KI-erstelltes Bild: Mein Kind zieht sich zurück – Elternpaar umarmt sich auf einer venezianischen Terrasse, Teddy und Holzhaus auf dem Tisch

Mein Kind zieht sich zurück: Schulangst, Mobbing, Trennung – was Eltern jetzt tun können

«Sie ist nicht mehr dieselbe. Sie kommt von der Schule, geht ins Zimmer, und wenn ich frage, ist alles ‹gut›.» Wenn Mütter mit dieser Sorge zu mir kommen, dann ist es selten ein einzelnes Ereignis. Es ist ein schleichendes Gefühl: Mein Kind zieht sich zurück, und ich komme nicht mehr an es heran. Manchmal steckt eine Trennung der Eltern dahinter, manchmal Mobbing, manchmal Schulangst, manchmal etwas, das das Kind selbst noch nicht in Worte fassen kann. Und immer steht eine Mutter oder ein Vater daneben, die sich fragen: Übersehe ich etwas? Mache ich etwas falsch?

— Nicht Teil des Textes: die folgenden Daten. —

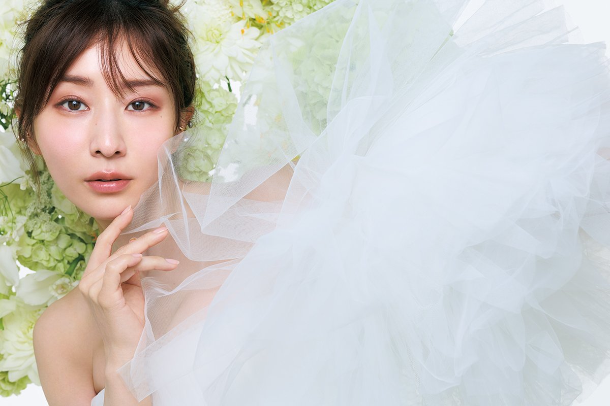 『美的』本誌の田中みな実さんの大人気連載「花が言うには。」。『美的』12月号は田中さんが表紙ということで、連載もスペシャル版! 年齢を重ねてますます鮮度を増し、色とりどりに表情を変えるその様は、どんな瞬間もみずみずしく美しい。清らかな透明感が満ちあふれる「白の花」。田中みな実が纏うのは、ヘア&メイクアップアーティスト中野明海さんが咲かせた、見目麗しい美の表情。繊細で可憐、そしてセンシュアル── その瞬間ごとに新しい輝きを生み出し、視線を集める度に鮮やかに花開いていく。今、この瞬間、彼女自身がひときわ美しい花として咲き誇る。
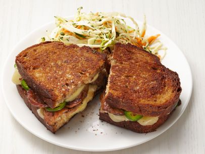 Spread the mustard on the bread, then sandwich with half of the cheese, the kielbasa, jalapeno and the remaining cheese.
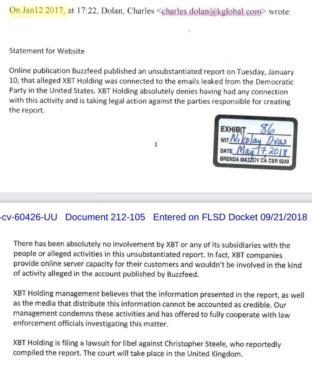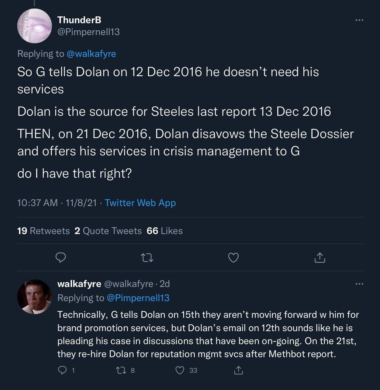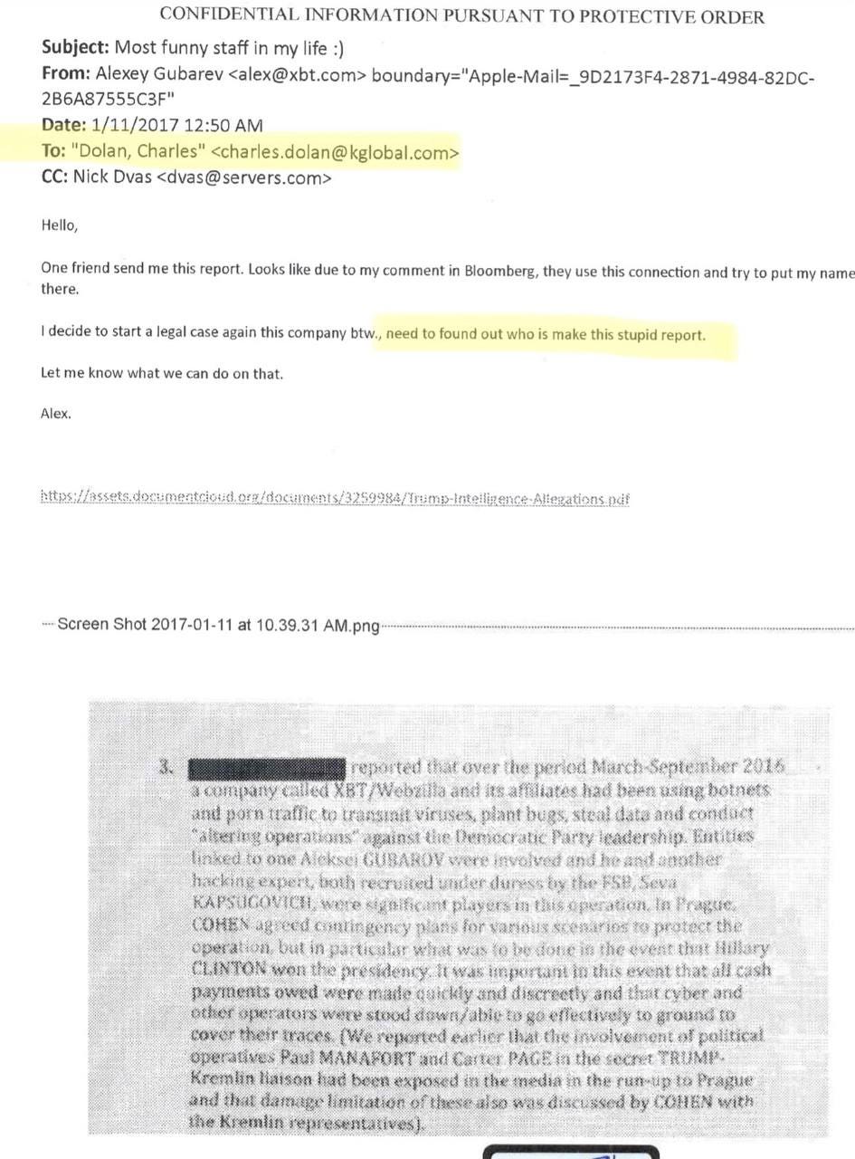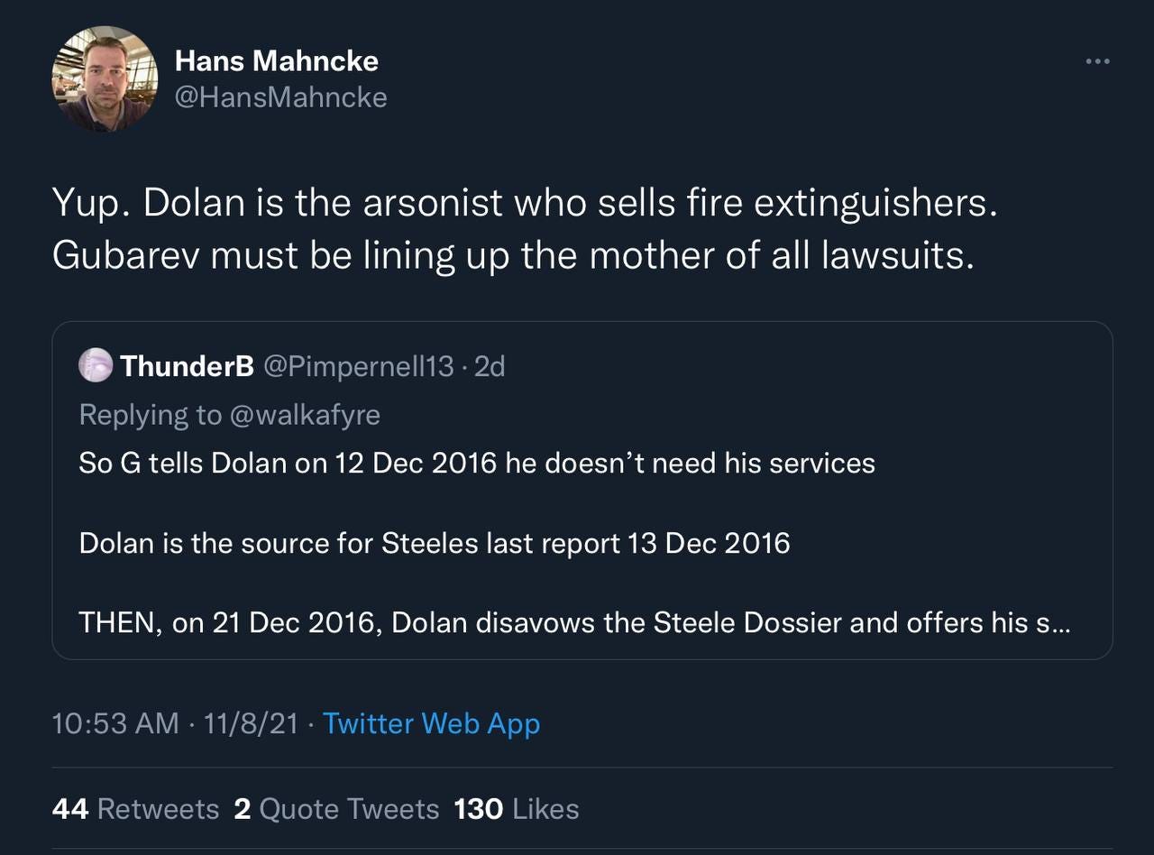 Dolan had a prior relationship with Gubarev before the Russian tech executive’s name was included in one of the last Steele Dossier entries. In fact, Dolan appears to have been trying to solicit public relations business from Gubarev, when Gubarev learned he was in the Steele dossier being accused of having facilitated the commission of a crime. When Gubarev needed some fast P.R., it sure was convenient that he knew a top DC PR specialist, isn’t it?

Ich bin keine Kinderpsychologin, und dieser Beitrag ersetzt keine fachliche Hilfe. Aber ich begleite seit Jahren Eltern, die genau an diesem Punkt stehen, und ich möchte dir sagen, worauf du achten kannst, wann es Zeit für professionelle Unterstützung ist – und wie du in dieser Zeit selbst stabil bleibst, denn das ist das Wichtigste, was du deinem Kind geben kannst.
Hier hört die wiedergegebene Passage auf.